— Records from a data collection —
= Beginning of Section =
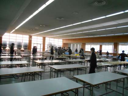 (写真は、昼食ホールでの2年生の給食準備の様子です。)
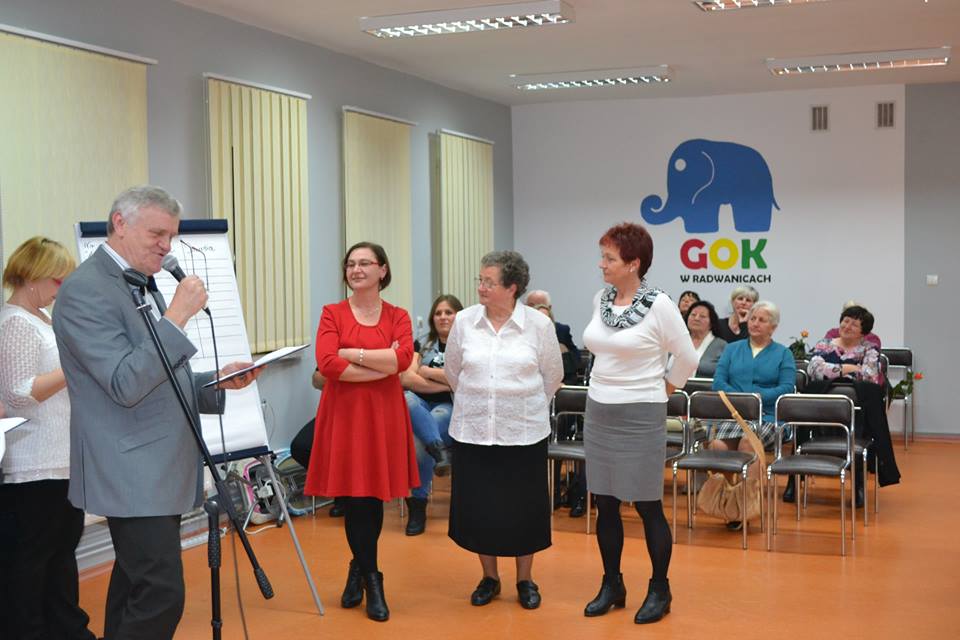 W ramach Gminnego Dnia Kobiet w dniu 10 marca br. w Gminnym Ośrodku Kultury w Radwanicach odbyło się spotkanie kobiet. Program spotkania był bogaty. Był kwiatek i buziak dla każdej z Pań od Wójta Gminy Radwanice pana Pawła Piwko oraz życzenia i toast. Przybyło ok. 70 pań, które dzielnie brały udział w konkursach i Quizie, poprowadzonych przez panów z Klubu Seniora OPTYMIŚCI. Po konkursach przyszedł czas na słodki poczęstunek i wykład dot. samoobrony , który poprowadził instruktor „Sztuk Walki” pan Tomasz Kuncik. Na zakończenie zagrał zespól POWERS, przy którym można było potańczyć. Spotkanie zorganizował Gminny Ośrodek Kultury i Rada Sołecka Radwanic. [JPG - 76 KB] [JPG - 74 KB] [JPG - 69 KB] [JPG - 69 KB] [JPG - 70 KB] [JPG - 85 KB] [JPG - 72 KB] [JPG - 68 KB] [JPG - 77 KB] [JPG - 92 KB] [JPG - 71 KB]
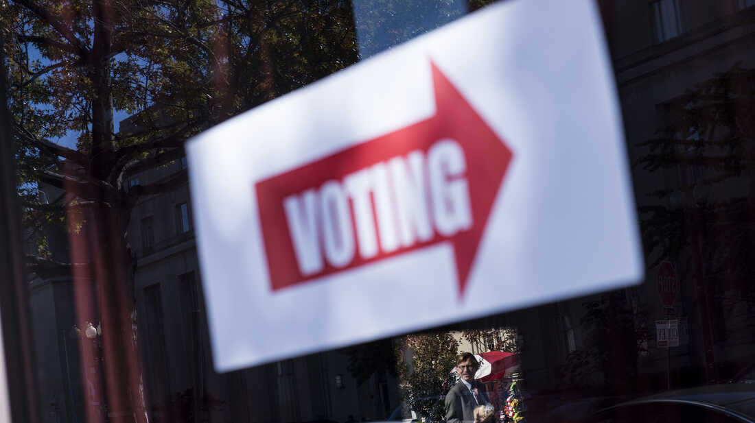 A sign directing voters to a polling place is seen during the first day of early voting on Monday in Washington, D.C.
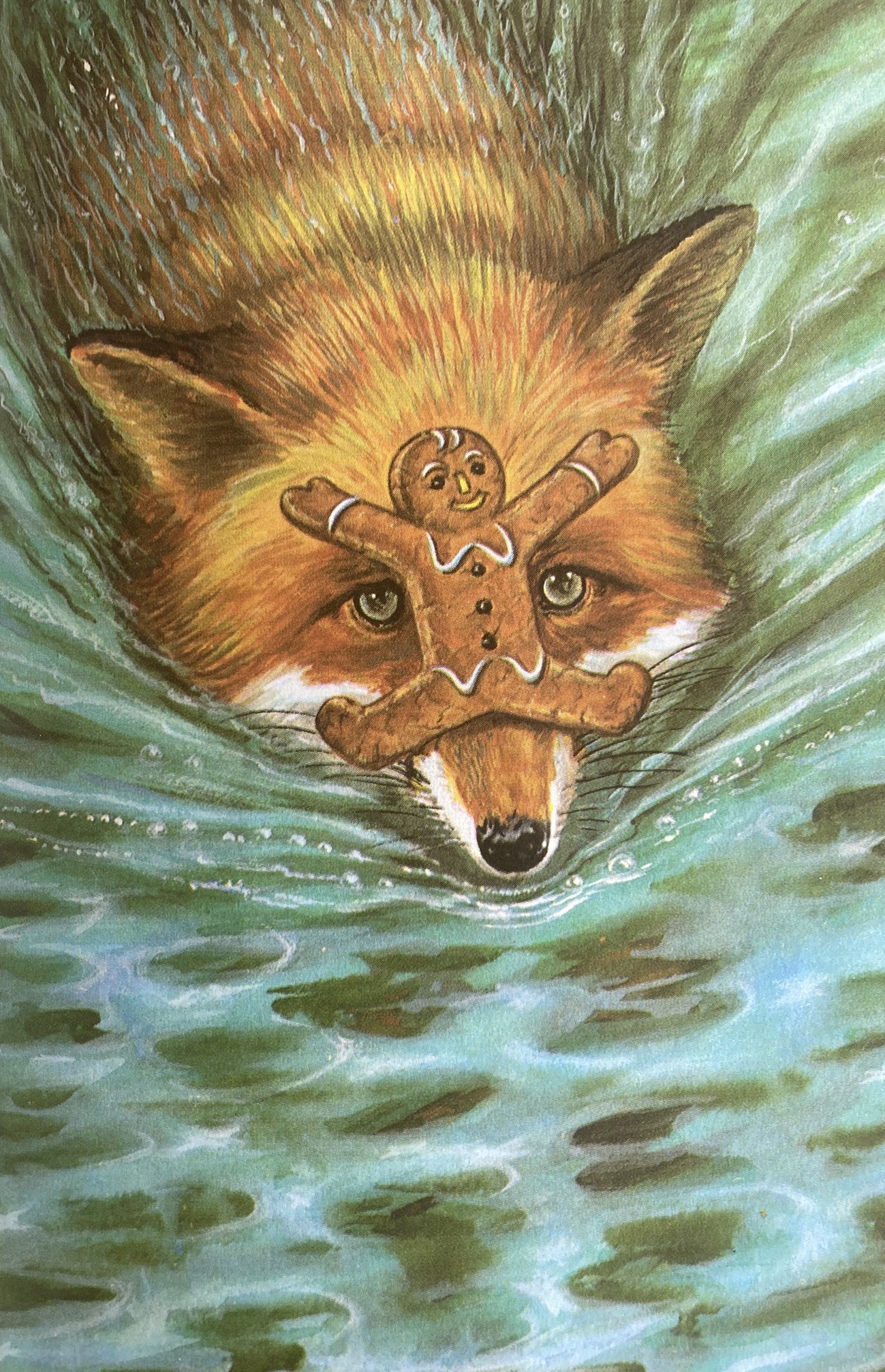 My favourite moment in the book is when, after perplexing humans, cattle and horses with his antics, probably while high on food containing artificial additives, the Gingerbread Boy gets a lift across a river while balancing on a fox’s nose. The image is highly psychedelic and would 100% seduce me into taking a punt on the work of a straight ahead pop band from 1966 who used this image on the cover of an LP they made slightly later after their aesthetic took a darker, more layered turn. While the harmony it shows between Gingerbread Boy and fox is transient, being shattered only a page later when the fox flips the Gingerbread Boy in the air and swallows him, I think it’s most productive not to focus on how tragically the friendship of the two ended, but on just how perfectly balanced and aesthetically appealing it was for that one brief swim they took together.
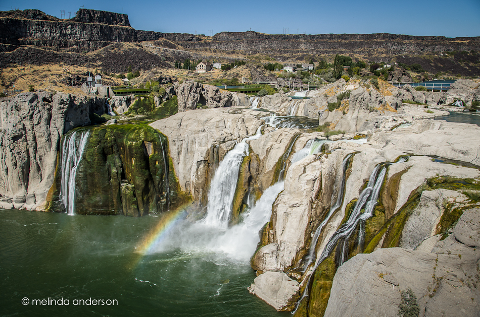 And here are the beautiful Shoshone Falls (evidently less beautiful than usual, because the water is low). I tried the slow shutter speed, silky water thing, but it was just too sunny without a polarizer. I also did some panorama shots, but haven’t had time to see how they worked out. But look at that rainbow!
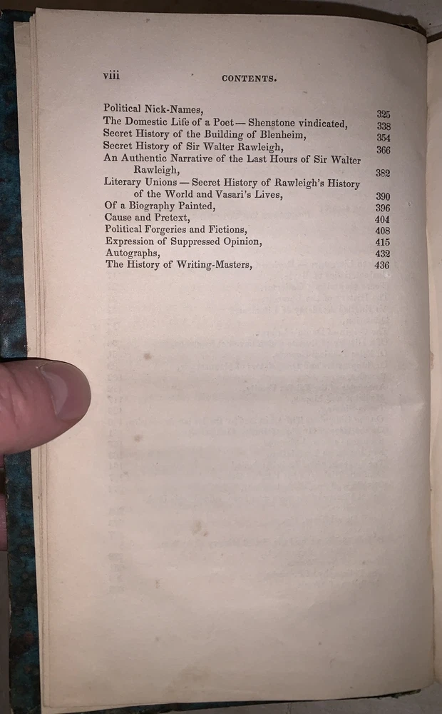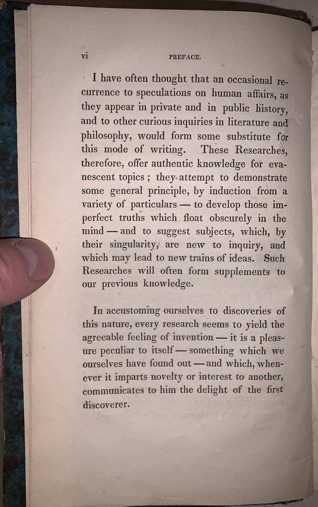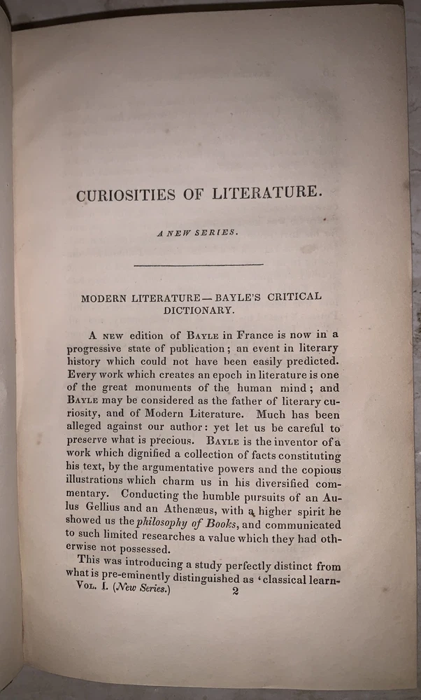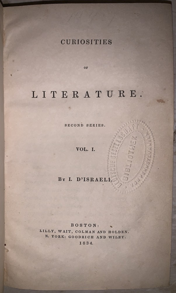 Curiosities of Literature Second Series Vol. I by I. D'Isreali Boston: Lilly, Wait, Colman and Holden 1834 Octavo, 450 pages, period green leather over paper covered boards. Spine lettered in gilt. Old library markings, hinges cracked, boards nearly detached, rubbing and wear, discoloration, else in good condition. If you have any questions, feel free to ask and don't forget to check out my other listings.
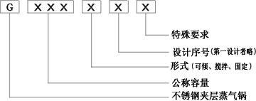 例如: G300---III----B表示不锈钢夹层蒸气锅300L;固定式;第一次设计;要求锅底放料,加高撑脚。
= End of Section =
— Problem —
This exercise asks for an exact copy of the lines from the first one in the data through the line that contains "A sign directing", pictures excluded.

— Answer to this exercise —
 (写真は、昼食ホールでの2年生の給食準備の様子です。)
 W ramach Gminnego Dnia Kobiet w dniu 10 marca br. w Gminnym Ośrodku Kultury w Radwanicach odbyło się spotkanie kobiet. Program spotkania był bogaty. Był kwiatek i buziak dla każdej z Pań od Wójta Gminy Radwanice pana Pawła Piwko oraz życzenia i toast. Przybyło ok. 70 pań, które dzielnie brały udział w konkursach i Quizie, poprowadzonych przez panów z Klubu Seniora OPTYMIŚCI. Po konkursach przyszedł czas na słodki poczęstunek i wykład dot. samoobrony , który poprowadził instruktor „Sztuk Walki” pan Tomasz Kuncik. Na zakończenie zagrał zespól POWERS, przy którym można było potańczyć. Spotkanie zorganizował Gminny Ośrodek Kultury i Rada Sołecka Radwanic. [JPG - 76 KB] [JPG - 74 KB] [JPG - 69 KB] [JPG - 69 KB] [JPG - 70 KB] [JPG - 85 KB] [JPG - 72 KB] [JPG - 68 KB] [JPG - 77 KB] [JPG - 92 KB] [JPG - 71 KB]
 A sign directing voters to a polling place is seen during the first day of early voting on Monday in Washington, D.C.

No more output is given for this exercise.